Librarians are being told to move the Bible to the top shelf to avoid giving offence to followers of Islam.
Muslims have complained of finding the Koran on lower shelves, saying it should be put above commonplace things. So officials have responded with guidance, backed by ministers, that all holy books should be treated equally and go on the top shelf together. This means that Christian works, which also have immense historical and literary value, will be kept out of the reach and sight of many readers.
Robert Whelan of the Civitas think-tank said: “Libraries and museums are not places of worship. They should not be run in accordance with particular religious beliefs. This is violating the principles of librarianship and it is part of an insidious trend.” He said the principle that books should be available to everyone was established in Europe in the Middle Ages. “One of the central planks of the Protestant Reformation was that everybody should have access to the Bible,” he added.

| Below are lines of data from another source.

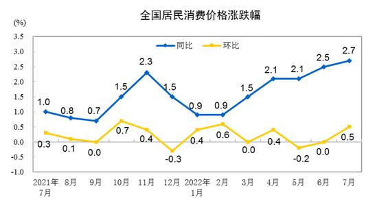7月份,CPI環(huán)比上漲0.5%,同比漲幅略有擴大,上漲 2.7%。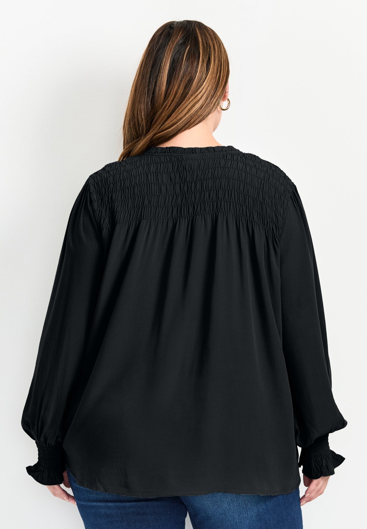 - Long blouson sleeves with shirring detail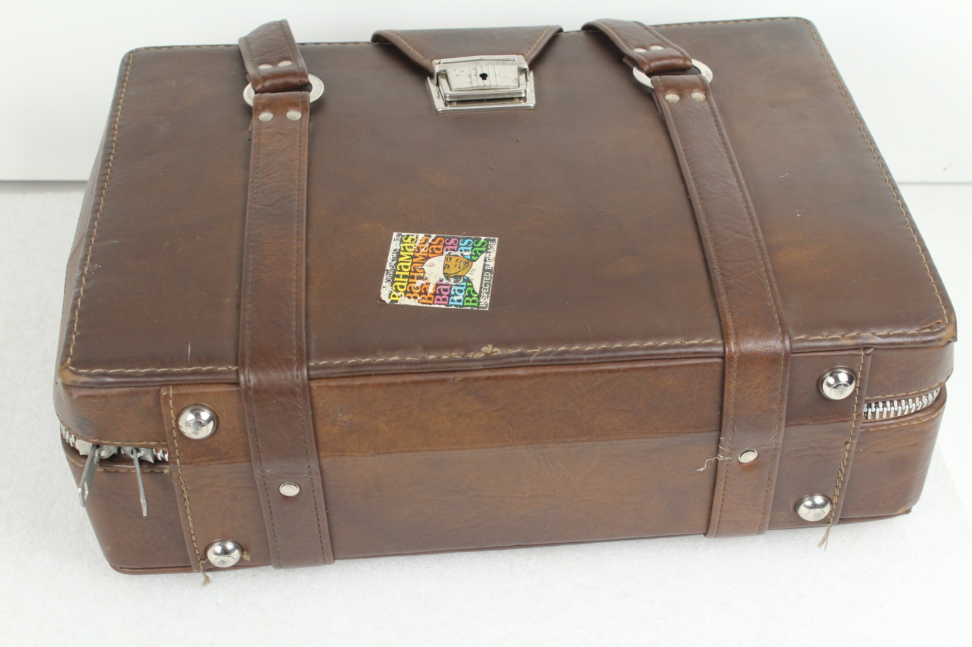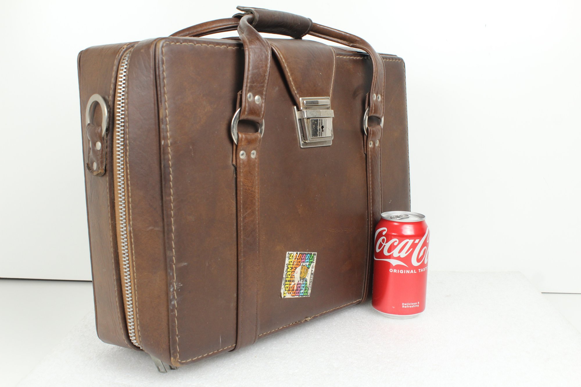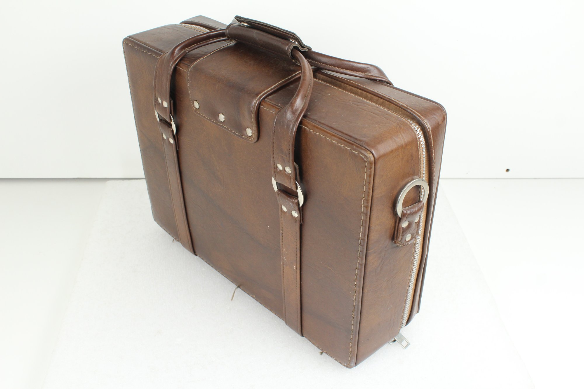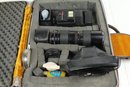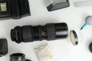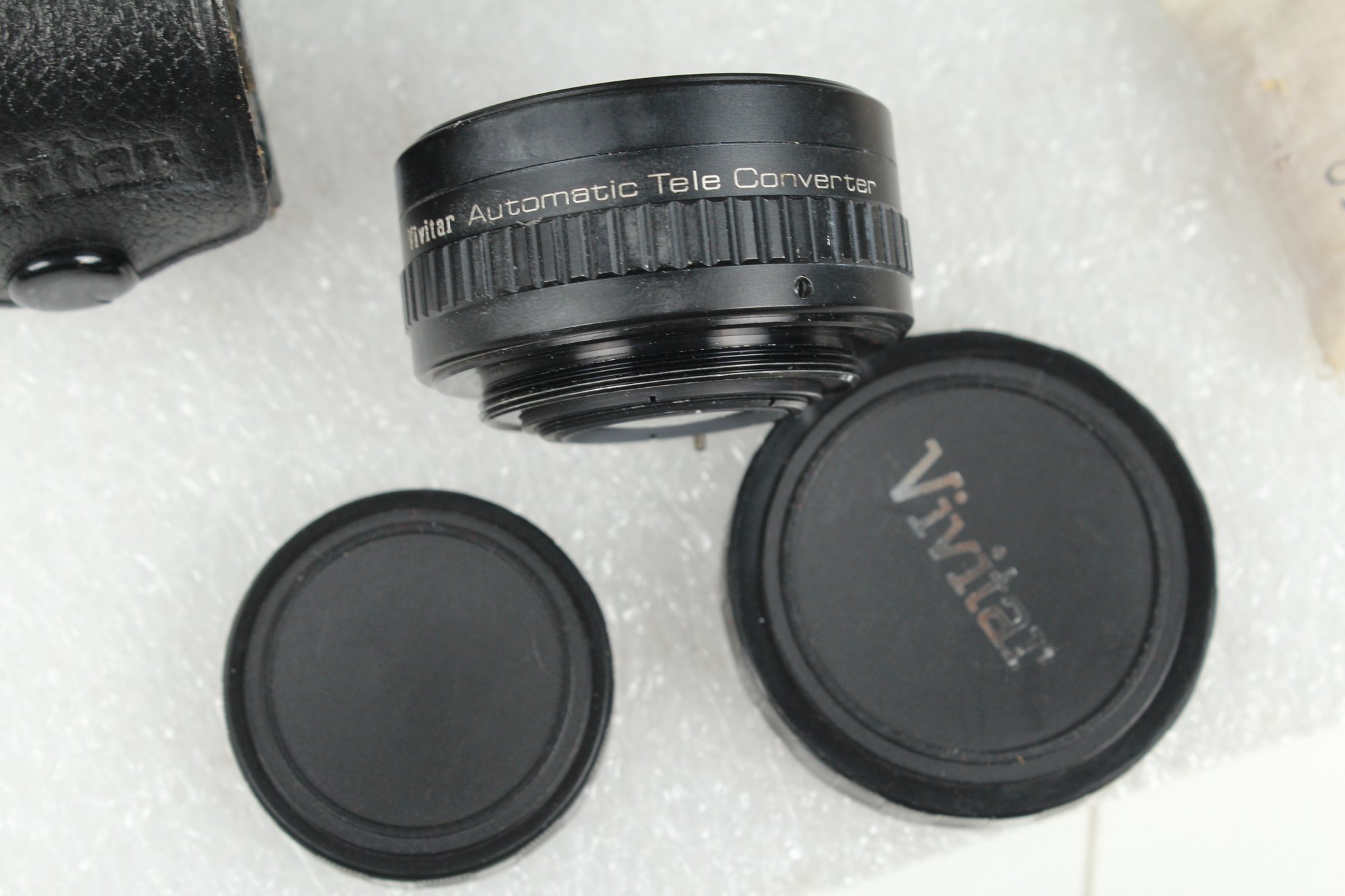 Brown leather latch and zipper large camera case with yellow velvet lining. Contains a ton of accessories for a film camera, including a Vivitar 85-205mm macro zoom lens with Skybolt PL 58mm filter, a Vivitar automatic 2x1 teleconverter lens in case, a Tiffen Haze 1 filter on a Vivitar 49mm to 58mm adapter, a case for an Olympus camera, an Access Auto 5000 flash, and a bunch of little extra bits and pieces. All of these accessories kept secure and safe in removable foam inserts. Case appears to be in good condition; contents are a bit dusty but otherwise seem to be in good shape.

Simon Calvert of the Christian Institute said: “It is disappointing if the policy of libraries is dictated by the practices of one group. It is particularly disappointing if this is done to put the scriptures beyond reach.”
Over at Holy Smoke Catholic Herald editor Damian Thompson asks “Don’t PC librarians make you sick?” and threatens: “I think I’ll pay a special visit to my local (super-PC) library this afternoon and have a look at the ‘holy books’. And then maybe do a little rearranging of my own.”